George Goldney returned to England and the building was sold to Henry Mytton on 12 September 1865 for £1,400. Later that year, Mytton commissioned a substantial southern extension for the building from Mountfort and Bury, who by then were business partners. This turned Chippenham Lodge into a house with ten rooms. The plainer design suggests that Bury carried out the commission. Mytton was born in 1840 in Garth, Glamorgan, Wales, the son of the judge R. H. Mytton, and he worked in Christchurch as a merchant and commission agent. Mytton's business failed in 1867, his household effects were sold, and he left New Zealand for England on the Mermaid in the following year.

The lawyer Thomas Joynt occupied the building for some time before it was sold in 1875 to John Thomas Peacock, who owned the neighbouring Hawkesbury house. Peacock had previously represented the electorate in the House of Representatives, and at the time of the purchase was a member of the Legislative Council and the Canterbury Provincial Council.

Peacock transferred the house in the same year to his brother-in-law, John Evans Brown, who moved in with his wife (Peacock's sister) and children. Brown sometimes referred to his home as simply 'The Lodge'. While living there, Brown lost his eldest son aged 16 in February 1877, and four days later, an infant son also died. His wife died at Chippenham aged 42 years in February 1880; all three are buried at Barbadoes Street Cemetery. Brown moved to the nearby Amwell after his wife's death, but the house remained in his estate. Brown remarried in late 1883 and then emigrated to America in August 1884. They went to Asheville in North Carolina, where he died on 9 July 1895. While Brown had lived at Chippenham Lodge, he represented the electorate in the House of Representatives.

Walter Joseph Moore bought Chippenham Lodge from the Brown estate in 1902. Moore, who was an accountant and estate agent, undertook some subdivision. In 1924, the property was sold to the surgeon Hugh Acland, who kept subdivided some more land and kept the house until his death in 1961.

After Acland, there were two more owners prior to the current owner, the Heartwood Community Incorporated, which bought the house in 1971. This commune was active in social and political issues. Many prominent organisations held their first meeting at Chippenham or were founded there, including HART (Halt All Racist Tours), Greenpeace Aotearoa New Zealand, and Women's Refuge. Christchurch Women's Refuge, which was started in a house next door to Chippenham Lodge, celebrated its 40th birthday in May 2013. At its peak as a commune, 20 people were living in the building, including Marian Hobbs, who would later become a cabinet minister in the Fifth Labour Government.

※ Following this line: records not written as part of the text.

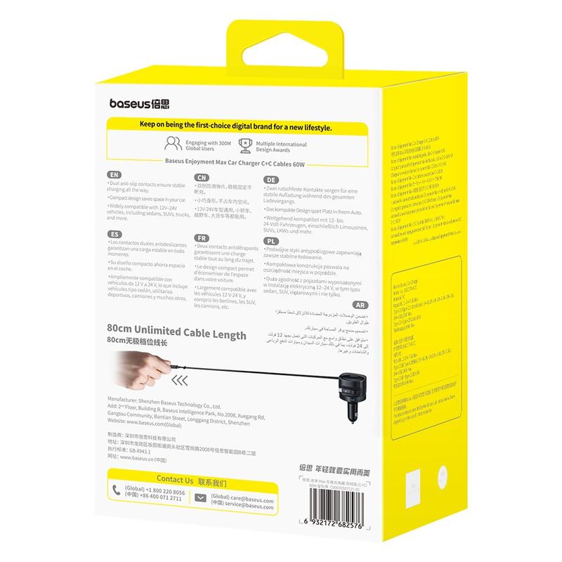 The Baseus Enjoyment Max Car Charger delivers powerful 60W fast charging with dual Type-C retractable cables, ensuring maximum convenience on the go. Its innovative rotatable design allows for easy use in any car layout, while the retractable cables prevent clutter. Compatible with multiple devices, this charger is ideal for busy professionals and frequent travelers looking for efficient charging solutions.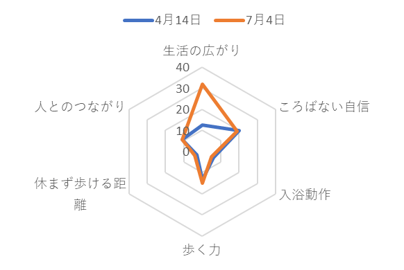 E-sasの結果から、生活の広がりが大幅に改善されたことは、ご家族と買い物に出ることや外出する機会が格段に増えたからだと考える。デイケアご利用中に実際に近隣のホームセンターへ外出訓練を行い、その結果をご家族へ当日の様子を写真に現像しフィードバックしたため、本人だけでなくご家族の外出への自信につながったのではないかと考える。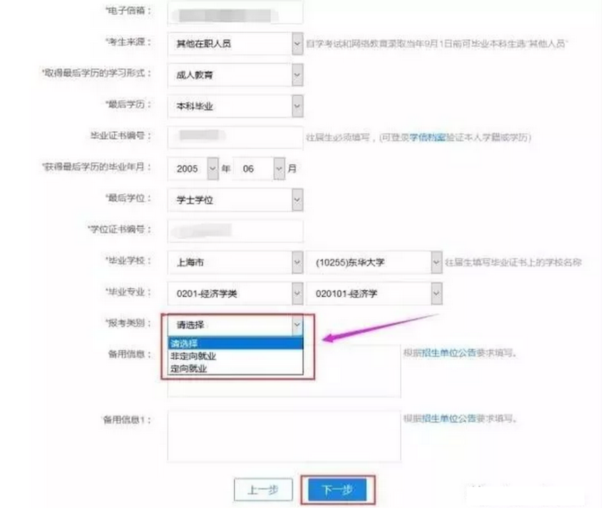 Tip:报考成人影视片 非全日制研究生的培养方式均选择“定向就业”。填写这么多个人信息可要有耐心哦!

Chippenham Lodge was significantly damaged in the February 2011 Christchurch earthquake. As it will have to be "virtually rebuilt" anyway and is hidden at the end of a long drive, the current owners have proposed to relocate it to the edge of the Christchurch Botanic Gardens in Hagley Park to make it accessible to the public.

==Heritage listing==
Chippenham Lodge was originally registered as a heritage building by Heritage New Zealand with registration number 1846 classified as C, as shown in the 1988 publication Historic Buildings of Canterbury and South Canterbury. With the change of the classification system, the building later became a Category II listing. Following an audit of the heritage register in 2003, there were some deficient registrations identified by the Historic Places Trust that had to go through the registration process again; mostly in cases where a valid board minute could not be found upon audit. As such, the date of registration is shown as 25 June 2004 when it had already been listed prior to 1988.